Campden tablets can work? Right?? Im not too good with measurements so if i can use campden, then how many tablets for a five gallon batch?


----------



## MalvinaScordaad

soflavino said:


> Campden tablets can work? Right?? Im not too good with measurements so if i can use campden, then how many tablets for a five gallon batch?


The tablets can work but they are not pure K meta. How good do you have to be to measure a baking measurement level 1/4 teaspoon for 5 gallons to achieve 40ppm?
Malvina


----------



## soflavino

Ohh ok just a teaspoon ok sounds good... do i add it at the same time that i add fining l? Do i need to add anything else before backsweetening? Sorry im asking so much i just want it right..


----------



## MalvinaScordaad

soflavino said:


> Ohh ok just a teaspoon ok sounds good... do i add it at the same time that i add fining l? Do i need to add anything else before backsweetening? Sorry im asking so much i just want it right..

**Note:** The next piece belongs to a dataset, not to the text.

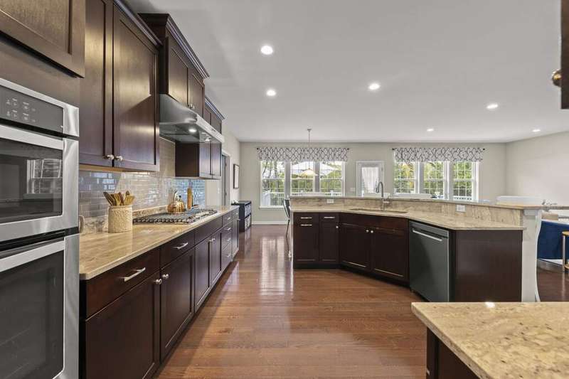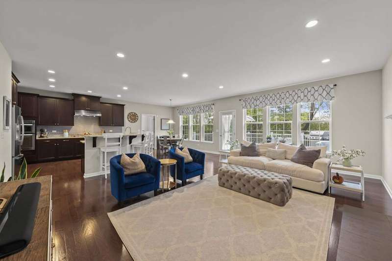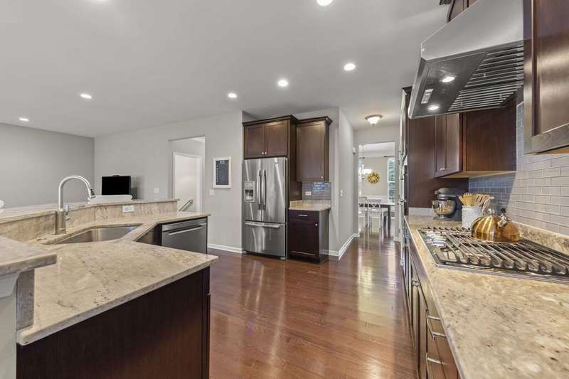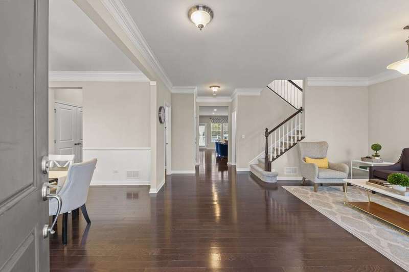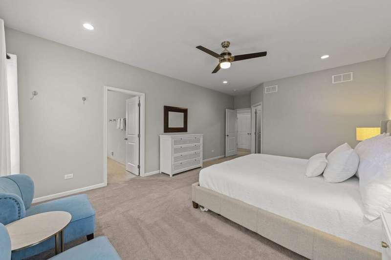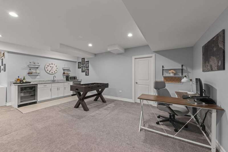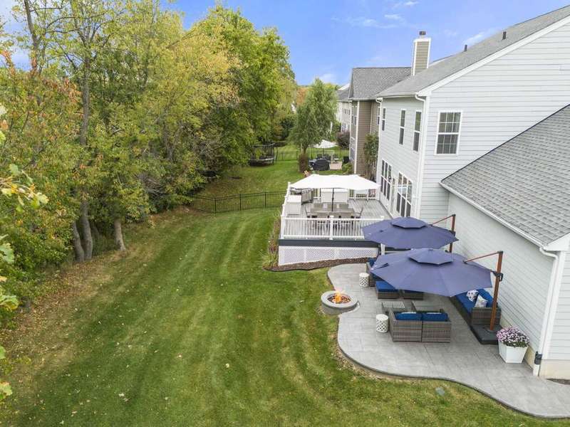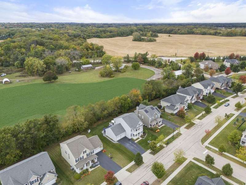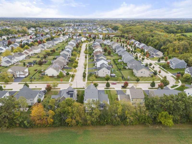 Nestled within the highly sought-after Bowes Creek Country Club and top-rated School District 301, this 4-bedroom, 3.5-bath home sits on a premium lot with no direct rear neighbors, offering tree-lined views and the kind of privacy that makes everyday living feel elevated. From the moment you step onto the welcoming front porch, you'll feel the warmth and attention to detail that define this home. Inside, hardwood floors flow throughout the main level, highlighted by crown molding and natural light pouring through expansive windows overlooking the serene backyard. The kitchen is the true heart of the home - designed for both gathering and entertaining - featuring 42-inch cabinetry, stainless-steel appliances, a large center island, and generous counter space. It opens to a spacious gathering room with a direct-vent fireplace, and a wall of windows completes the space, showcasing beautiful backyard and deck views. Step outside to your own retreat with a Trex deck, stamped-concrete patio, built-in firepit, and irrigation system, all surrounded by mature trees and peaceful views. With no direct rear neighbors, it's a serene place to relax or entertain. Upstairs, the primary suite feels like a private getaway with dual sinks, a soaking tub, a separate shower, and an oversized walk-in closet. Three additional bedrooms are generously sized, each with large closets - two are walk-ins. The second-floor laundry, a builder upgrade, adds everyday convenience. The finished basement expands your living space with a custom wet bar, built-in cabinetry, full bath, and flexible areas for entertaining, fitness, or relaxing. A 2.5-car garage and custom mudroom with built-in cubbies keep everything organized and out of sight. Located in one of Elgin's most desirable communities, this home combines refined finishes with a functional design and a setting that's both private and convenient - close to parks, walking paths, and everyday amenities. As part of the Bowes Creek Country Club neighborhood, residents enjoy easy access to one of the area's premier golf courses, scenic winter trails for snowshoeing, and an on-site dining option.

*1/4 teaspoon for 5 gallons* prior to racking off finings. and or each time you rack but no more than 3 times. 
Malvina


----------



## soflavino

Do i jave to add anything for backsweetening?????!


----------



## MalvinaScordaad

Potassium Sorbate. consult manufacture's recommendations for dosage rates 
Malvina


----------



## soflavino

Thank you for your help


----------



## soflavino

How long do i have to wait after adding kmeta before racking?


----------



## MalvinaScordaad

24 hours
Malvina


----------